Work to be completed:
When you restate the data, keep every word as it is and drop the images.

Data excerpt:
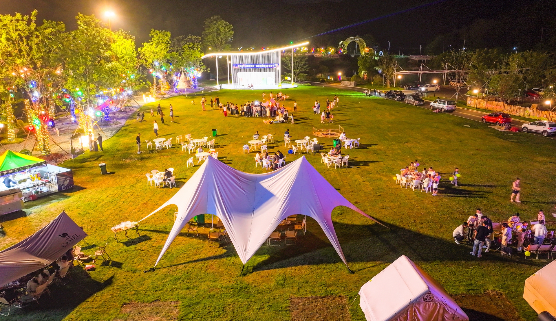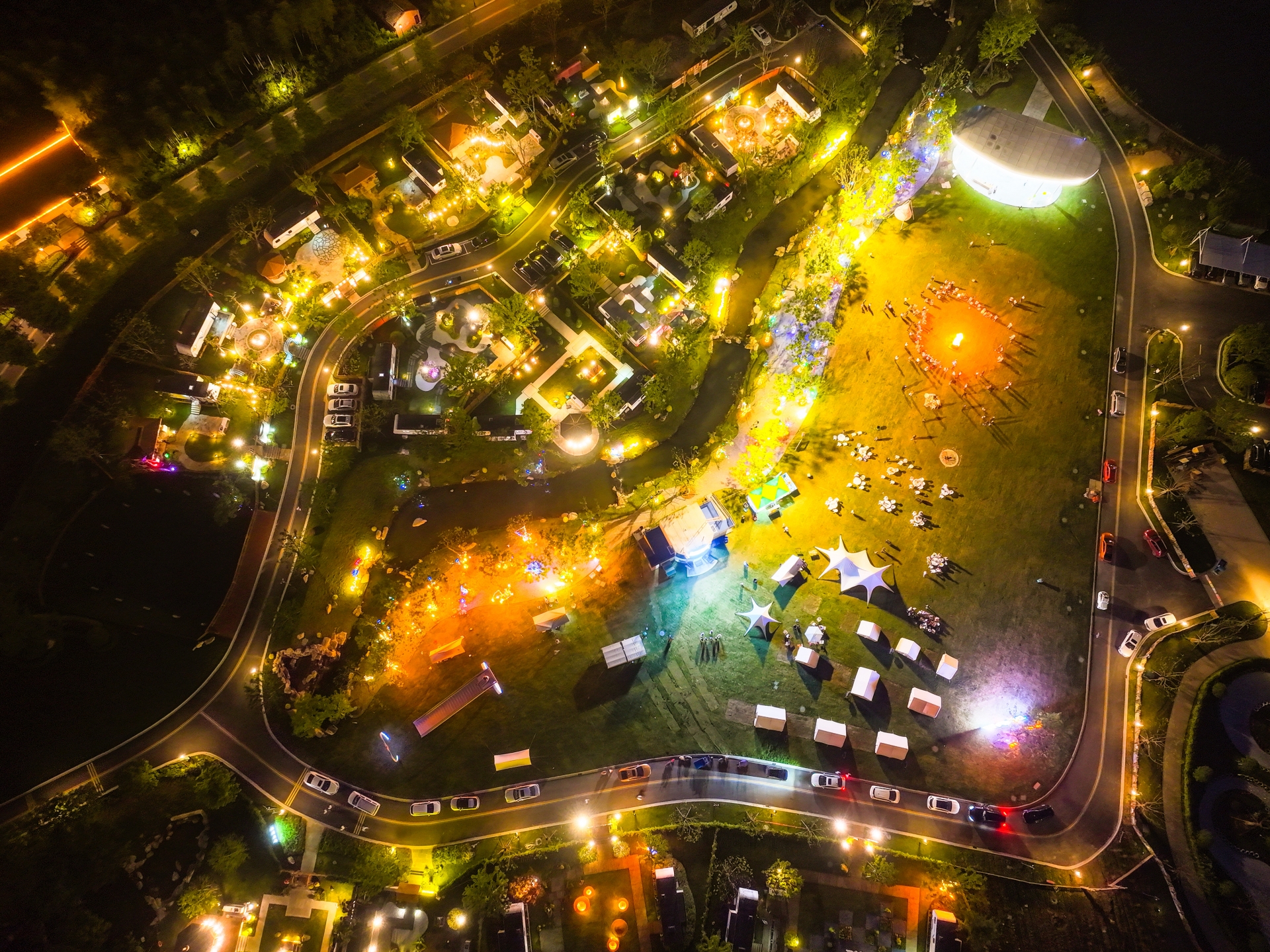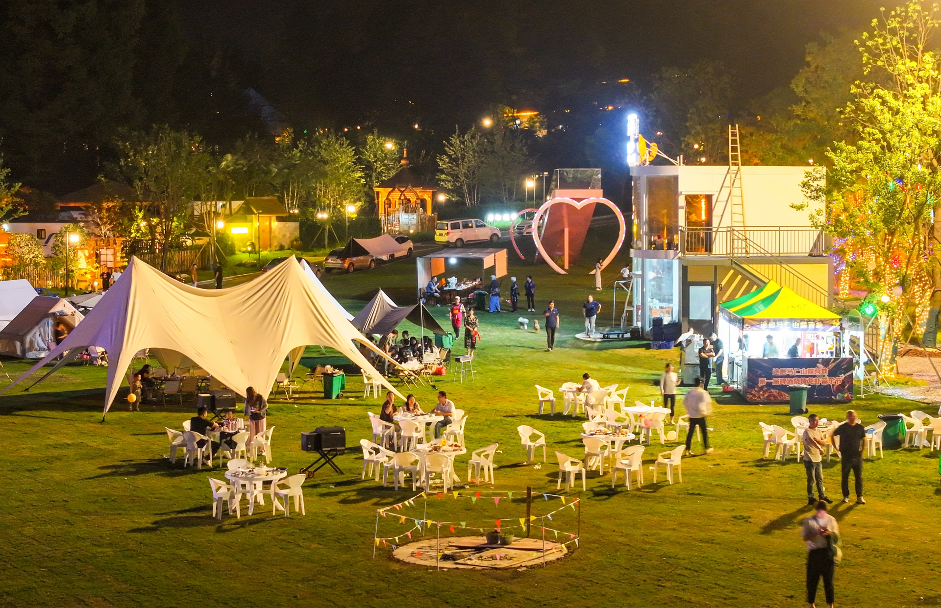 2024年6月1日,芜湖市繁昌区孙村镇中分村,途居马仁山房车露营地景区灯火通明,游人如织,优美的乡村生态环境吸引众多游客前来游玩。
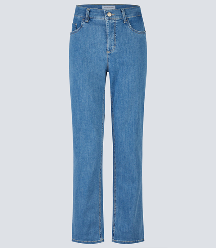 Die bequeme Damen Jeans Dina 5604 von Anna Montana präsentiert sich in der beliebten Frühjahrsfarbe Summer-Stone, einem helleren Blau in ansprechender Farbhöhe. Der weiche Denim Bern hat einen hohen Baumwollanteil, ist leicht elastisch und hat eine mittelschwere Qualität, sodass die Jeans fast das ganze Jahr getragen werden kann.
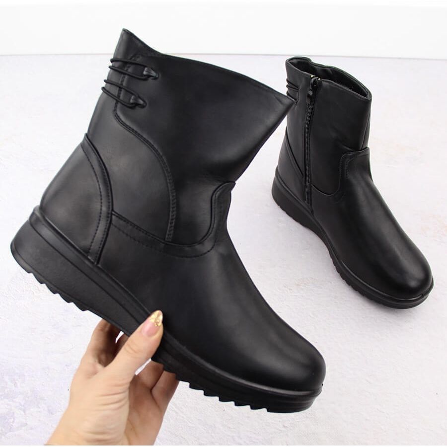 Részletek: Kényelmes, szigetelt fekete női csizma Potocki 90314

Answer box:
 2024年6月1日,芜湖市繁昌区孙村镇中分村,途居马仁山房车露营地景区灯火通明,游人如织,优美的乡村生态环境吸引众多游客前来游玩。
 Die bequeme Damen Jeans Dina 5604 von Anna Montana präsentiert sich in der beliebten Frühjahrsfarbe Summer-Stone, einem helleren Blau in ansprechender Farbhöhe. Der weiche Denim Bern hat einen hohen Baumwollanteil, ist leicht elastisch und hat eine mittelschwere Qualität, sodass die Jeans fast das ganze Jahr getragen werden kann.
 Részletek: Kényelmes, szigetelt fekete női csizma Potocki 90314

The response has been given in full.